I am going to get personal. Many think the biggest reason to be a God-follower is to avoid going to hell. Nope! A loving God would never think that a genuine relationship is found through fear. I fail often but I am a better husband, father, and friend as being a God-follower continually inspires me to be the kind of person I deep down desire to be toward others. We all long for parents or a boss that on an emotional level we are absolutely convinced have our best interest in mind. The God I know has my attention!
My wife and I have been married a long time despite my failures. I often act like a best friend should, but I fail to speak my wife’s love language to many times to remember. I have raised my voice in anger from time to time, I have broken things in the past when angry, I have defended myself rather than listen. But, I have a desire to take responsibility for and confess wrongdoings than blame others for my actions. I am not convinced that I would engage in such unnatural behaviors as often if not inspired by my relationship with a loving God who accepts my flaws.

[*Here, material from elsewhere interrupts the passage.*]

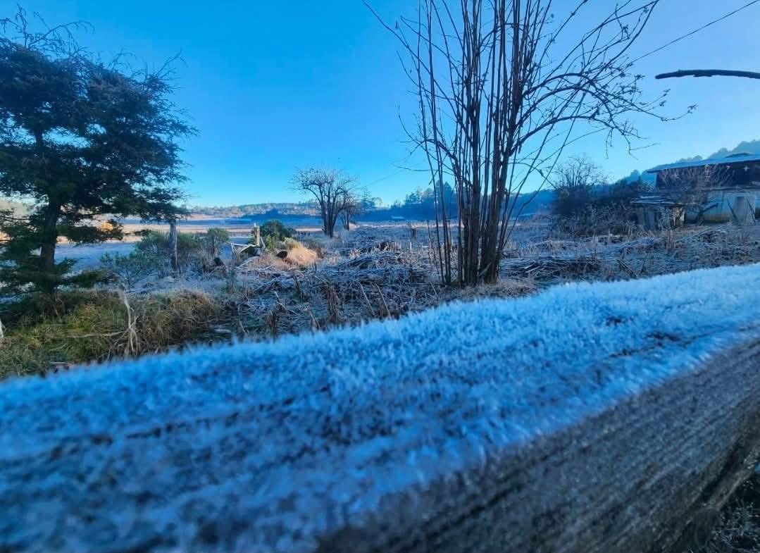 De acuerdo con reportes locales, el paisaje amaneció teñido de blanco por el hielo acumulado durante la madrugada, reflejo del descenso marcado de temperaturas que ya se esperaba para estos días.

The greatest advantage of being a God-follower is knowing good enough isn’t enough.
Many in marriage can claim perhaps a 90% success rate. I am convinced many marriages don’t make it because one partner accepts only being good enough or not as bad as other partners they know. But, the goal of marriage or any relationship should be aiming for perfection. My God allows me to pursue perfection while not being paralyzed by guilt when failing. I have the “want to” to be perfect. That is on God!
My Mom favors one child over all five of her children. The favored child of course doesn’t man up to stop such behaviors. One child against another may be wrong. But, four children wrong raised by the same Mom as opposed to the favored child! Mom denies being untruthful but expects a normal relationship as if nothing has happened. My relational God provides insight that it is okay to keep your distance to protect your emotions, but revenge or bitterness only continues the victimization. I am open to forgiveness than resentment when wrongdoing is confessed because God has forgiven me countless times. That is on God!

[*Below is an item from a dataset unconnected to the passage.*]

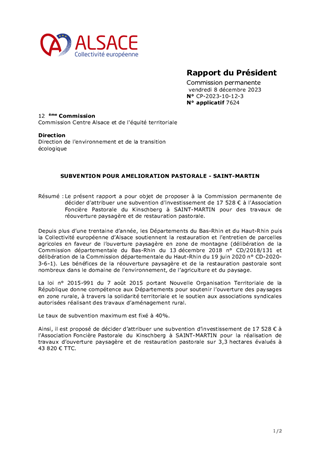 Le présent rapport a pour objet de proposer à la Commission permanente de décider d'attribuer une subvention d'investissement de 17 528 € à l'Association Foncière Pastorale du Kinschberg à SAINT-MARTIN pour des travaux de réouverture paysagère et de restauration pastorale.

I have hurt others in relationships, sometimes intentionally and sometimes unintentionally. But, for some crazy reason I don’t struggle much to confess my wrongdoings and take the first step in hopes of healing. Readers know this is not always natural. I can only imagine that the reason I can suck up my pride at times is because of the relationship I have with my Creator who inspires thinking that being right isn’t always the most important factor in friendships.
I actually thought as a parent it was my job not to demand but earn respect.
I can only assume I got that from a Creator Parent who gives me the freedom to be who I am with the gifts I have, who loves me with no strings attached, and who though perfect seeks to win me over. Parents often struggle with their teenagers because they are continue to control when more appropriate to begin letting go for a child’s own good. I am the first to take action if my child hurts others. But, their pursuit of their interests may not be what I had in mind but I am on board.
I am simply saying that knowing how my Creator loves me, I am more inspired to reflect such love onto others. I may fail but I am going to die trying. That is on God!
My attitudes don’t always translate into actions but I cannot imagine the man I would be without God. I did not share the above to tell you what a good person I am or that I am a better person than others. The love I feel from my God is the love I had always desired from my parents. The biggest reason for being a God-follower is the continual inspiration and encouragement received in striving to be the kind of person who deep down desire to be.
My views of God have turned out to be the views I imagine would always be true of a loving God. Do yours?